*DATA PROVIDED*.
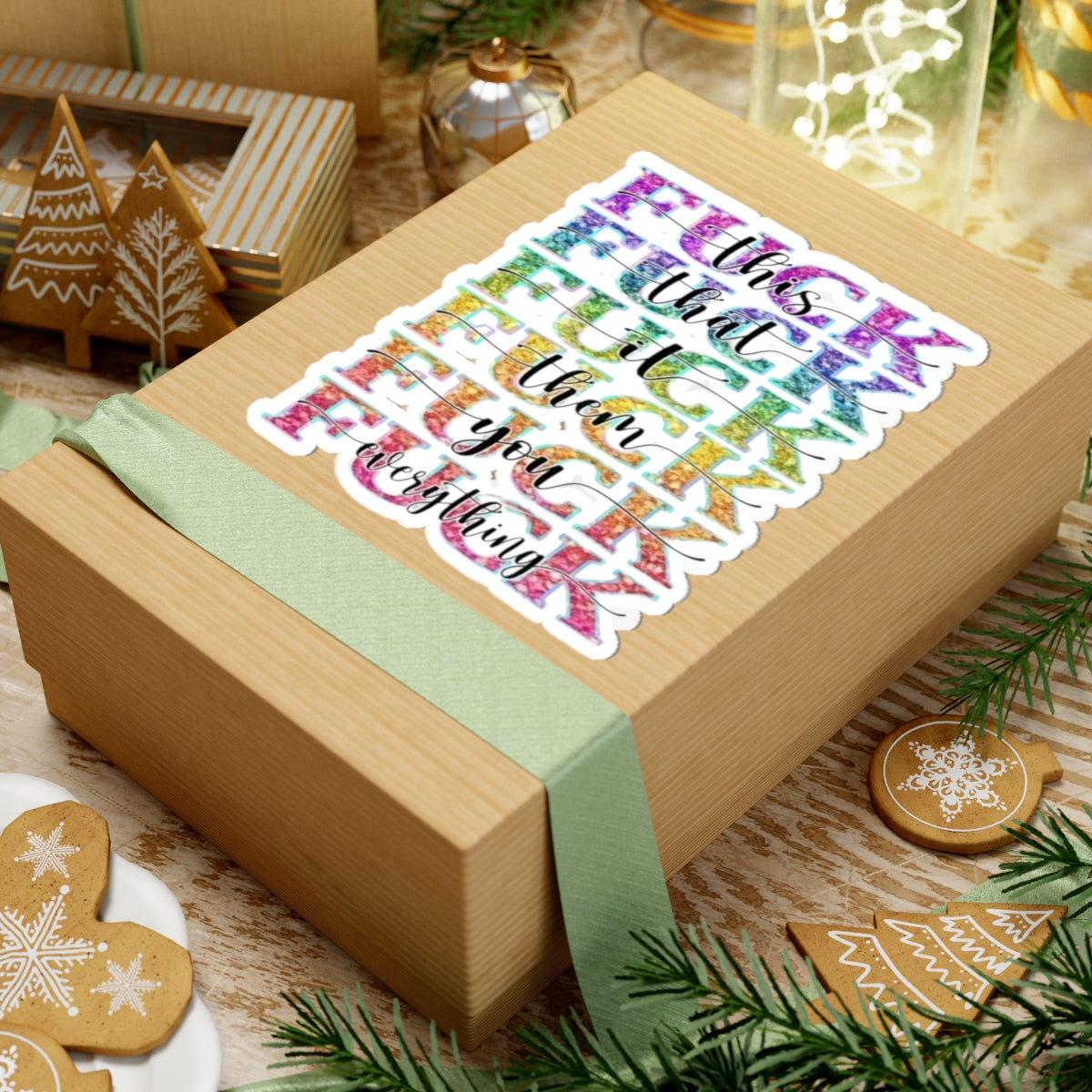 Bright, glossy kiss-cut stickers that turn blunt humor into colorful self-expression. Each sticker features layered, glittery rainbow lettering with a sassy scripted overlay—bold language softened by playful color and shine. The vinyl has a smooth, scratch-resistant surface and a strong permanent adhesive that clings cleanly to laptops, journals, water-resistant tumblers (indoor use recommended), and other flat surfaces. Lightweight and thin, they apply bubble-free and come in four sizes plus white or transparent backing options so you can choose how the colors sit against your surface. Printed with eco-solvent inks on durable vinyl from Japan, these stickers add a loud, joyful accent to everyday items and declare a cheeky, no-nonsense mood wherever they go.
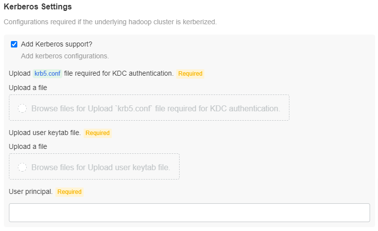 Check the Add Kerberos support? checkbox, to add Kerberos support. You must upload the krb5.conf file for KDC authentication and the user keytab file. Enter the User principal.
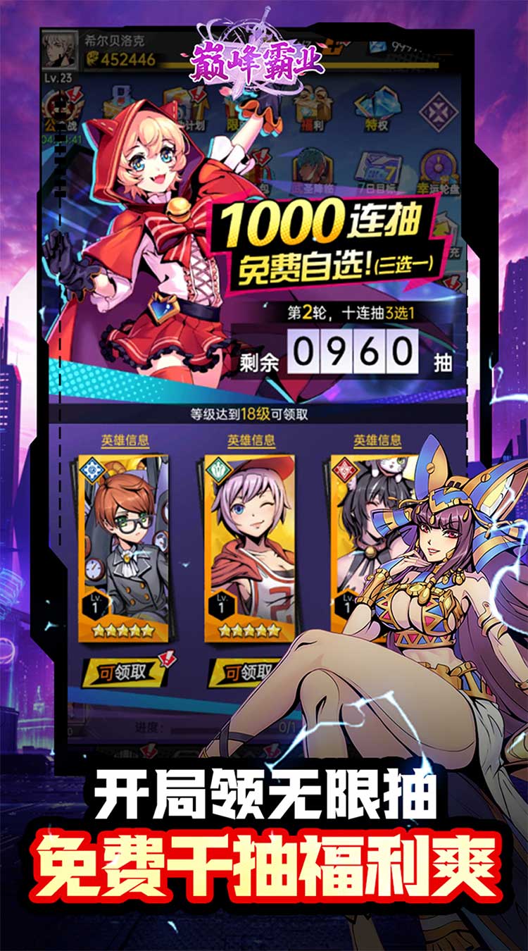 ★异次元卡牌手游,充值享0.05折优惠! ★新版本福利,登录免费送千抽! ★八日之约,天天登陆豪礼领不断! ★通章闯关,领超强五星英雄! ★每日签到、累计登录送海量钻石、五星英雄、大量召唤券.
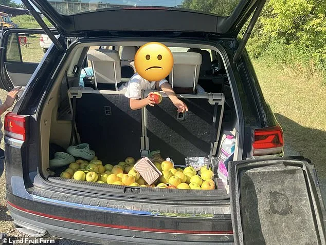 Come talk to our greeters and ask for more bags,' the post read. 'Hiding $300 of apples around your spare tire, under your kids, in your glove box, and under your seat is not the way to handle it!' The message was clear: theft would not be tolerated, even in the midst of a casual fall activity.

*WORK REQUIRED*. Starting with the first line of the material, print each line exactly until you have printed the line with "Check the Add", and skip the pictures.

*RESULT OF THIS EXERCISE*.
 Bright, glossy kiss-cut stickers that turn blunt humor into colorful self-expression. Each sticker features layered, glittery rainbow lettering with a sassy scripted overlay—bold language softened by playful color and shine. The vinyl has a smooth, scratch-resistant surface and a strong permanent adhesive that clings cleanly to laptops, journals, water-resistant tumblers (indoor use recommended), and other flat surfaces. Lightweight and thin, they apply bubble-free and come in four sizes plus white or transparent backing options so you can choose how the colors sit against your surface. Printed with eco-solvent inks on durable vinyl from Japan, these stickers add a loud, joyful accent to everyday items and declare a cheeky, no-nonsense mood wherever they go.
 Check the Add Kerberos support? checkbox, to add Kerberos support. You must upload the krb5.conf file for KDC authentication and the user keytab file. Enter the User principal.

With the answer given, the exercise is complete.